Re: Question about check constraints - Mailing list pgsql-sql

From Stephan Szabo
Subject Re: Question about check constraints
Date
Msg-id 20060127210947.K43706@megazone.bigpanda.com
Whole thread Raw
In response to Re: Question about check constraints  ("Kashmira Patel \(kupatel\)" <kupatel@cisco.com>)
List pgsql-sql
On Fri, 27 Jan 2006, Kashmira Patel (kupatel) wrote:

> Both concerns.
> 1) There are actually more than two columns with such checks, and each
> one calls a few functions which execute some more queries.

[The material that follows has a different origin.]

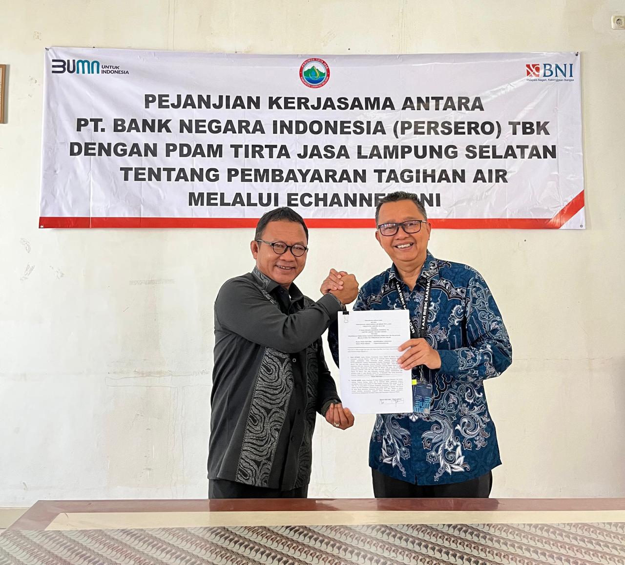 Penandatanganan perjanjian kerja sama itu dilakukan langsung oleh Branch Manager PT BNI Tbk Lampung, Yakub Azwir, bersama Direktur Perumda Tirta Jasa Lampung Selatan, H. Rudi Apriadi KM, S.Sos di Kalianda, yang turut disaksikan jajaran dari kedua pihak.
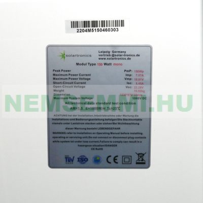 TÜV-Saar által jóváhagyott minőségi modul, A-osztályú monokristályos napelem 18V 150W.

So I would
> like to invoke these checks only when necessary.
> 2) The bigger concern is the side effect: Here's my schema:
>
> CREATE TABLE vm_device
> (
>     device_id      INTEGER      UNIQUE NOT NULL
>                                 REFERENCES device_table(device_id)
>                                 ON UPDATE CASCADE
>                                 ON DELETE CASCADE,
>     preference     VARCHAR(1)   NOT NULL DEFAULT 'U'
>                                 CHECK (CASE WHEN preference = 'U'
>                                             THEN true
>                                             ELSE validate_preference()
>                                        END),
>     enabled        BOOLEAN      NOT NULL DEFAULT false
>                                 CHECK (CASE WHEN enabled = false
>                                             THEN true
>                                             ELSE
> validate_system_enabled() AND
>
> validate_enabled(device_id)
>                                        END),
>     attach_vm      BOOLEAN      NOT NULL DEFAULT false
>                                 CHECK (CASE WHEN attach_vm = false
>                                             THEN true
>                                             ELSE validate_attach_vm()
>                                        END),
>
>     PRIMARY KEY (device_id)
> ) WITHOUT OIDS;
>
> This table contains some information about a device in my system.  The
> issue is with the enabled column. It basically enables/disables the
> device.  The device can be enabled only when the two check conditions
> pass. But once it is enabled, the conditions of the system might change
> such that if executed again, these conditions might not pass. We want to
> allow such situations. The problem arises when we want to change the
> value of some other column, say attach_vm. Although the check
> constraints for the attach_vm column pass, those for enabled column
> fail, and I cannot complete my updates.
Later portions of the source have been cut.